(Records drawn from a dataset)
# # # # #

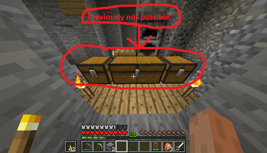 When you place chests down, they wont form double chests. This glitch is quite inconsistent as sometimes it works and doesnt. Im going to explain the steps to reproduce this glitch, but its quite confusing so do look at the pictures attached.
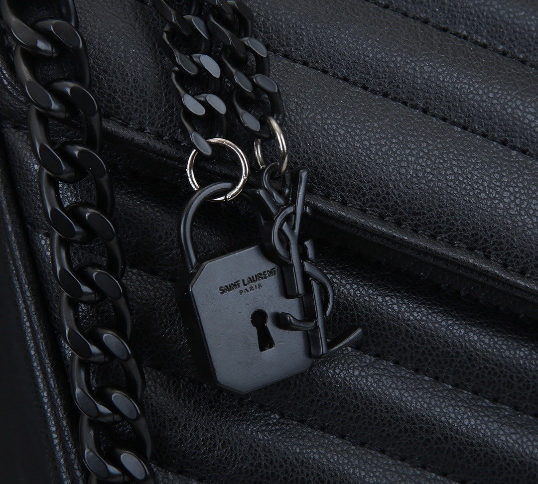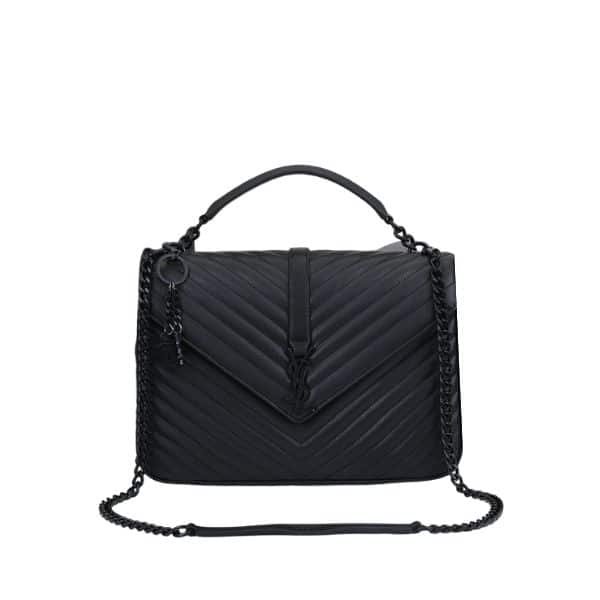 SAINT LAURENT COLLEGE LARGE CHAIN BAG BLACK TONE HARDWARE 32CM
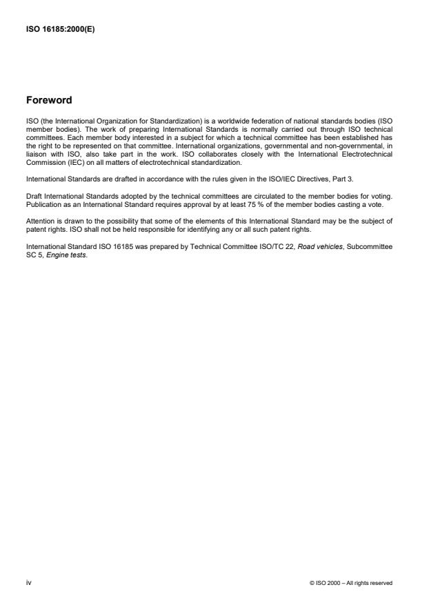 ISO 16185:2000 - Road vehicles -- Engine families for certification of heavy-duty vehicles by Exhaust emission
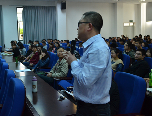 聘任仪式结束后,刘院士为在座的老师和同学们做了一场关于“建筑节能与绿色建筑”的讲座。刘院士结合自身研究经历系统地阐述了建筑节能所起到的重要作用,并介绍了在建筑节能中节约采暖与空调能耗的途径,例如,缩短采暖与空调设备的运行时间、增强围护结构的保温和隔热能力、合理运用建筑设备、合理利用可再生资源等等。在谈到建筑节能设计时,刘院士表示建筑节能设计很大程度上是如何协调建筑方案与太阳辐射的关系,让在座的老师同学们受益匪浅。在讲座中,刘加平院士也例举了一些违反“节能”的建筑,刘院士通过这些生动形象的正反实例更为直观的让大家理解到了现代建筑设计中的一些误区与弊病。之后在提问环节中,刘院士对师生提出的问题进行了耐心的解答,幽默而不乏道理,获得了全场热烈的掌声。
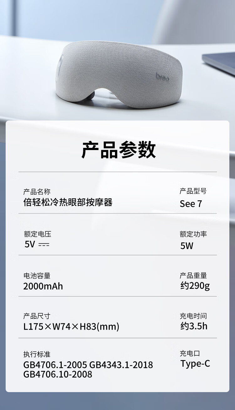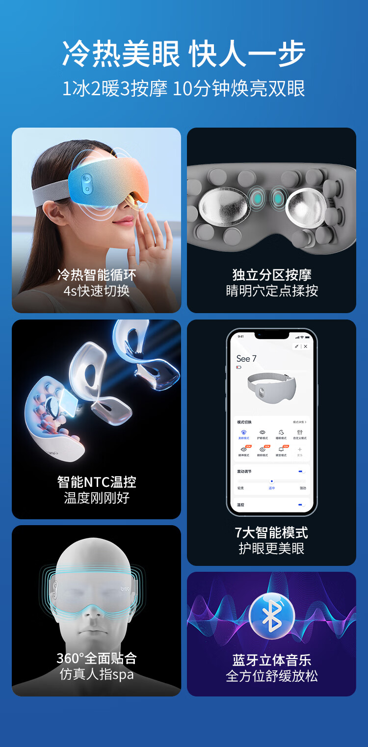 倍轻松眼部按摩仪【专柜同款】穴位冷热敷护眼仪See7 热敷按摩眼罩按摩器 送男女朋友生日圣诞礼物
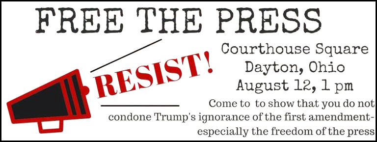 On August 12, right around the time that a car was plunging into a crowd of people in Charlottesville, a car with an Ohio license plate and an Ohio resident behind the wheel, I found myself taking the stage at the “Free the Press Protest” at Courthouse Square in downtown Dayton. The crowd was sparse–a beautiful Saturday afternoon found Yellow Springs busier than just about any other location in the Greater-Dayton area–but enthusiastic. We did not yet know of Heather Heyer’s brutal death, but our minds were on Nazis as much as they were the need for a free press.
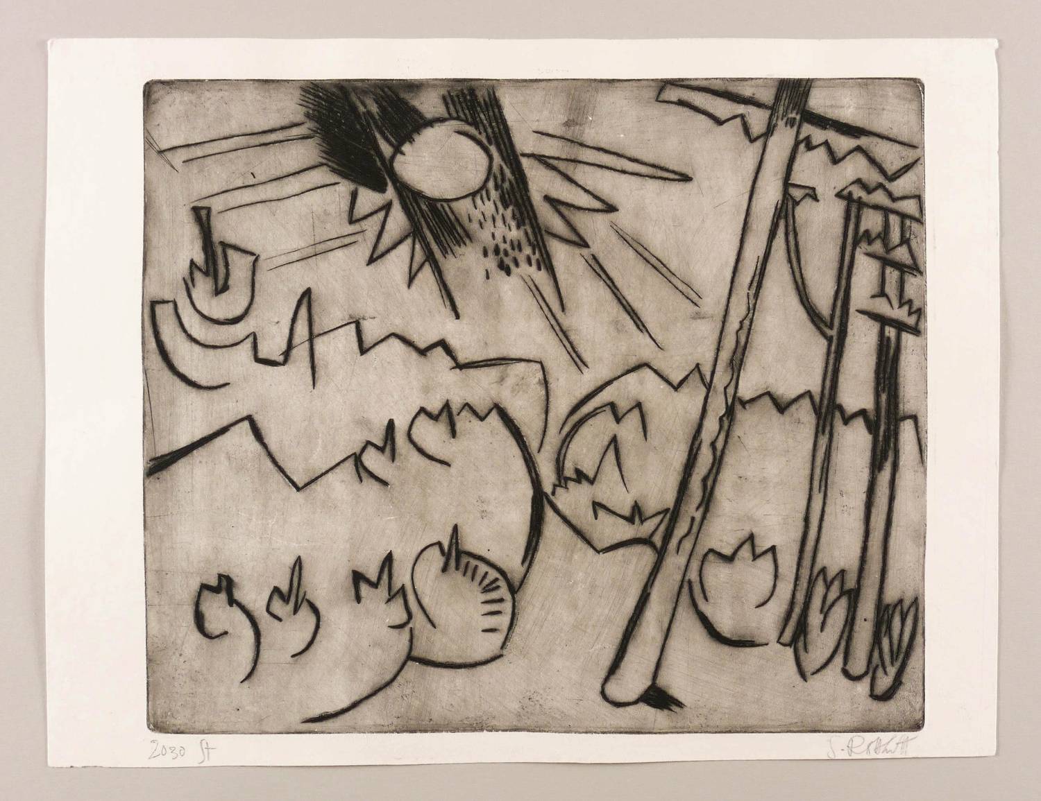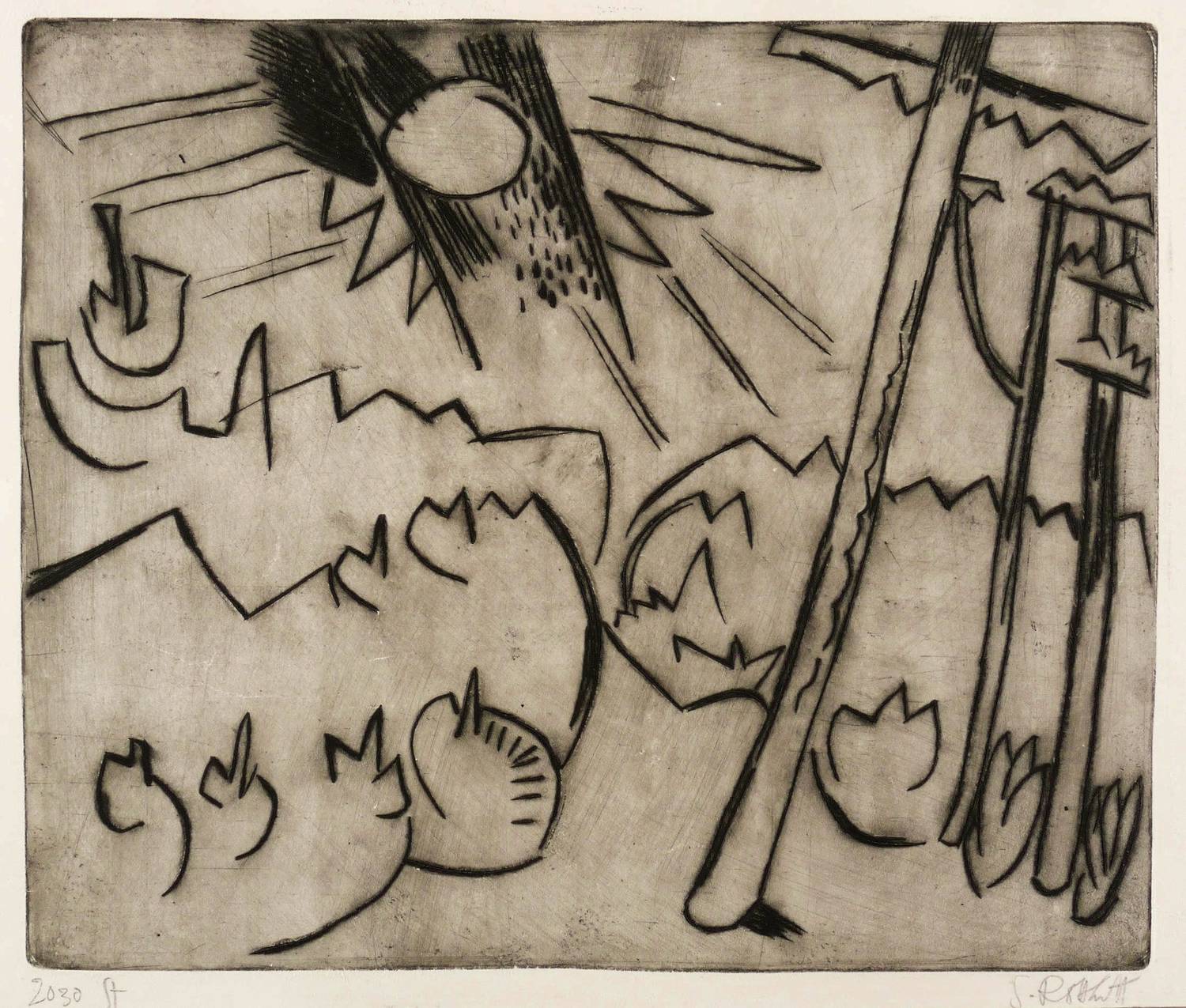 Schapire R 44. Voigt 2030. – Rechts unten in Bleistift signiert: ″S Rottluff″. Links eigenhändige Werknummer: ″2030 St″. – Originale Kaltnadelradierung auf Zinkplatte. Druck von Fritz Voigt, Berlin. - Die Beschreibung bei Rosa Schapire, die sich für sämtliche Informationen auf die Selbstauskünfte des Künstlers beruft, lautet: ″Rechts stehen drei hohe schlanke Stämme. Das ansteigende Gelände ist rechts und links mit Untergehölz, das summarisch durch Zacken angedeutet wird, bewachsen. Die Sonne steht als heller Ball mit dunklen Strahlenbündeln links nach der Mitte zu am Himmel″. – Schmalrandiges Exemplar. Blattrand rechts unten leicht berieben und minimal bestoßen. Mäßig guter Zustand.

# # # # #

### YOUR GOAL
Output exactly the lines above, from the line with "SAINT LAURENT COLLEGE" to the line with "倍轻松眼部按摩仪【专柜同款】穴位冷热敷护眼仪See7 热敷按摩眼罩按摩器 送男女朋友生日圣诞礼物", both included; skip the pictures.

### WRITTEN SOLUTION
 SAINT LAURENT COLLEGE LARGE CHAIN BAG BLACK TONE HARDWARE 32CM
 ISO 16185:2000 - Road vehicles -- Engine families for certification of heavy-duty vehicles by Exhaust emission
 聘任仪式结束后,刘院士为在座的老师和同学们做了一场关于“建筑节能与绿色建筑”的讲座。刘院士结合自身研究经历系统地阐述了建筑节能所起到的重要作用,并介绍了在建筑节能中节约采暖与空调能耗的途径,例如,缩短采暖与空调设备的运行时间、增强围护结构的保温和隔热能力、合理运用建筑设备、合理利用可再生资源等等。在谈到建筑节能设计时,刘院士表示建筑节能设计很大程度上是如何协调建筑方案与太阳辐射的关系,让在座的老师同学们受益匪浅。在讲座中,刘加平院士也例举了一些违反“节能”的建筑,刘院士通过这些生动形象的正反实例更为直观的让大家理解到了现代建筑设计中的一些误区与弊病。之后在提问环节中,刘院士对师生提出的问题进行了耐心的解答,幽默而不乏道理,获得了全场热烈的掌声。
 倍轻松眼部按摩仪【专柜同款】穴位冷热敷护眼仪See7 热敷按摩眼罩按摩器 送男女朋友生日圣诞礼物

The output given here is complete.